:: What you should do ::
Write out word for word the lines from the one holding "再往下行走就来到了沿海边的一条木栈道,这一路上都是景点,风光无限。" through the end of the data, and only those lines. Pictures stay out.

□ □ □

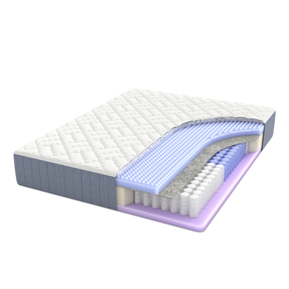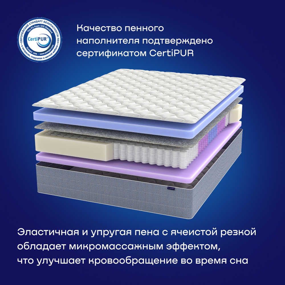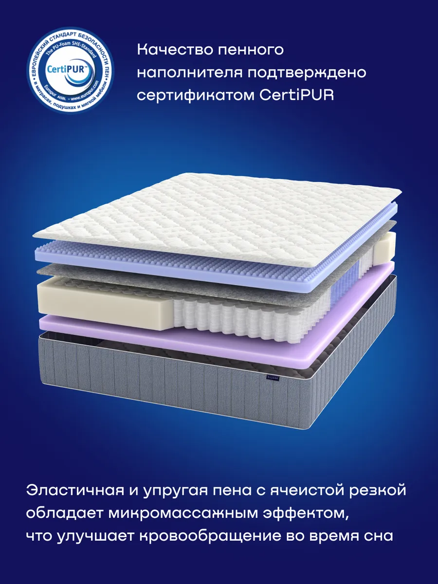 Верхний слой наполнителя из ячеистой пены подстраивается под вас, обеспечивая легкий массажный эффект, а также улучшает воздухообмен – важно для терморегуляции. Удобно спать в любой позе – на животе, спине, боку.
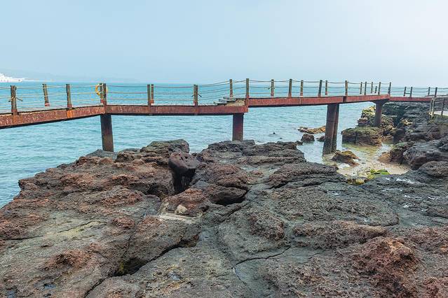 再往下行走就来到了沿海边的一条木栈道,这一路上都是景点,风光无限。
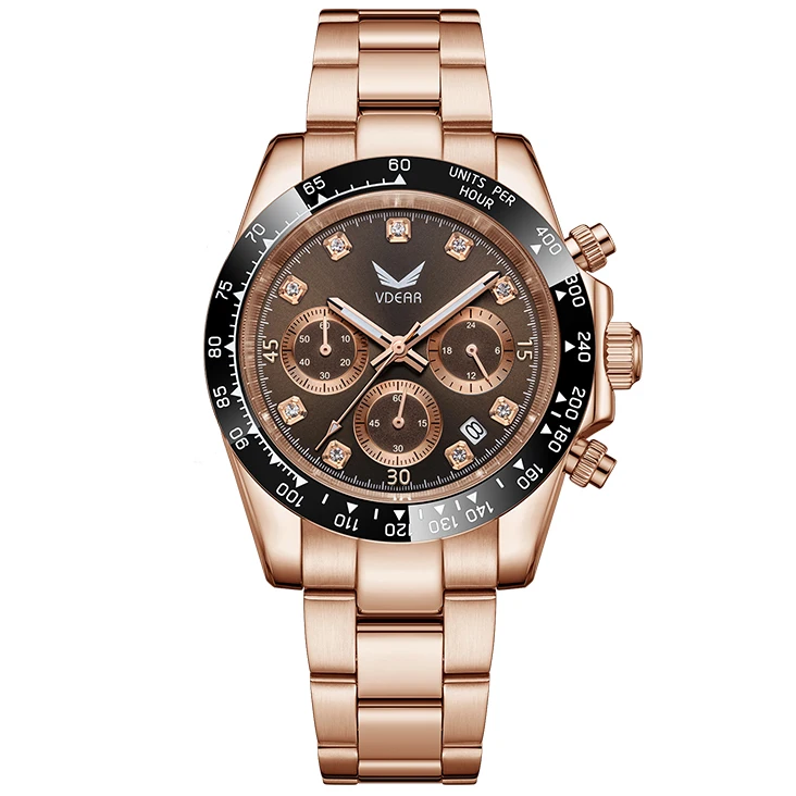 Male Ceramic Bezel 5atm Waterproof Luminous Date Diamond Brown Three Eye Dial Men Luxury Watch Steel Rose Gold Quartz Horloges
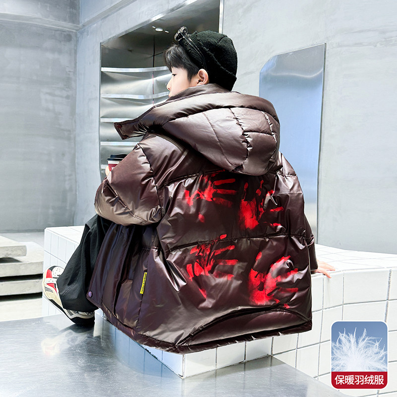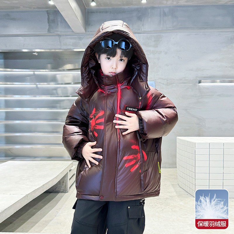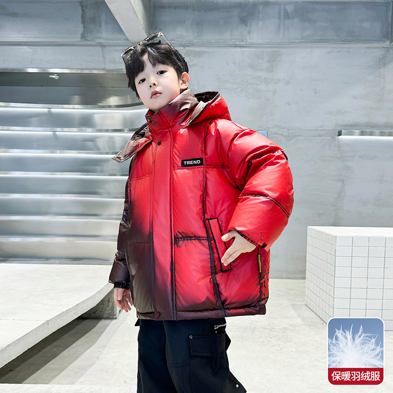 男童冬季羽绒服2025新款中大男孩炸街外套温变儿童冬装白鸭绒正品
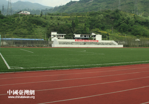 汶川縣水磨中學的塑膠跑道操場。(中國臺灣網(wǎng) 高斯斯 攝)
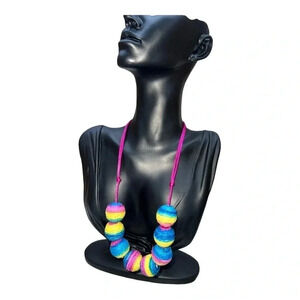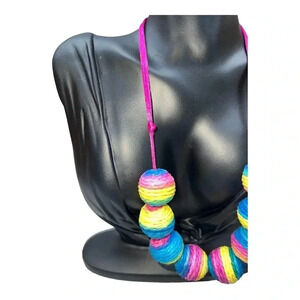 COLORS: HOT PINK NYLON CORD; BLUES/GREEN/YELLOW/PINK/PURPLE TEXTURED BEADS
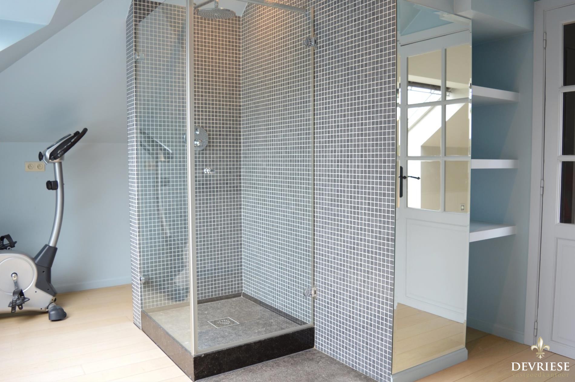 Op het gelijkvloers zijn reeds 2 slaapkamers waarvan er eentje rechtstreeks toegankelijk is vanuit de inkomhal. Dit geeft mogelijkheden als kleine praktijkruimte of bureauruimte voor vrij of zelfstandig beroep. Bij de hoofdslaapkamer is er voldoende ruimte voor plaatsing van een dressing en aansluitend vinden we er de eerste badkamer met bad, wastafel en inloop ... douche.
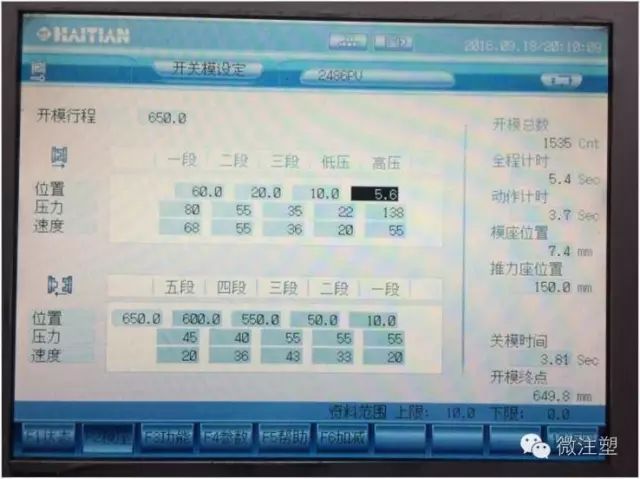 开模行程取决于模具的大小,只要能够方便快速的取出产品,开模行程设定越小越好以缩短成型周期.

□ □ □

:: Output for this exercise ::
 再往下行走就来到了沿海边的一条木栈道,这一路上都是景点,风光无限。
 Male Ceramic Bezel 5atm Waterproof Luminous Date Diamond Brown Three Eye Dial Men Luxury Watch Steel Rose Gold Quartz Horloges
 男童冬季羽绒服2025新款中大男孩炸街外套温变儿童冬装白鸭绒正品
 汶川縣水磨中學的塑膠跑道操場。(中國臺灣網(wǎng) 高斯斯 攝)
 COLORS: HOT PINK NYLON CORD; BLUES/GREEN/YELLOW/PINK/PURPLE TEXTURED BEADS
 Op het gelijkvloers zijn reeds 2 slaapkamers waarvan er eentje rechtstreeks toegankelijk is vanuit de inkomhal. Dit geeft mogelijkheden als kleine praktijkruimte of bureauruimte voor vrij of zelfstandig beroep. Bij de hoofdslaapkamer is er voldoende ruimte voor plaatsing van een dressing en aansluitend vinden we er de eerste badkamer met bad, wastafel en inloop ... douche.
 开模行程取决于模具的大小,只要能够方便快速的取出产品,开模行程设定越小越好以缩短成型周期.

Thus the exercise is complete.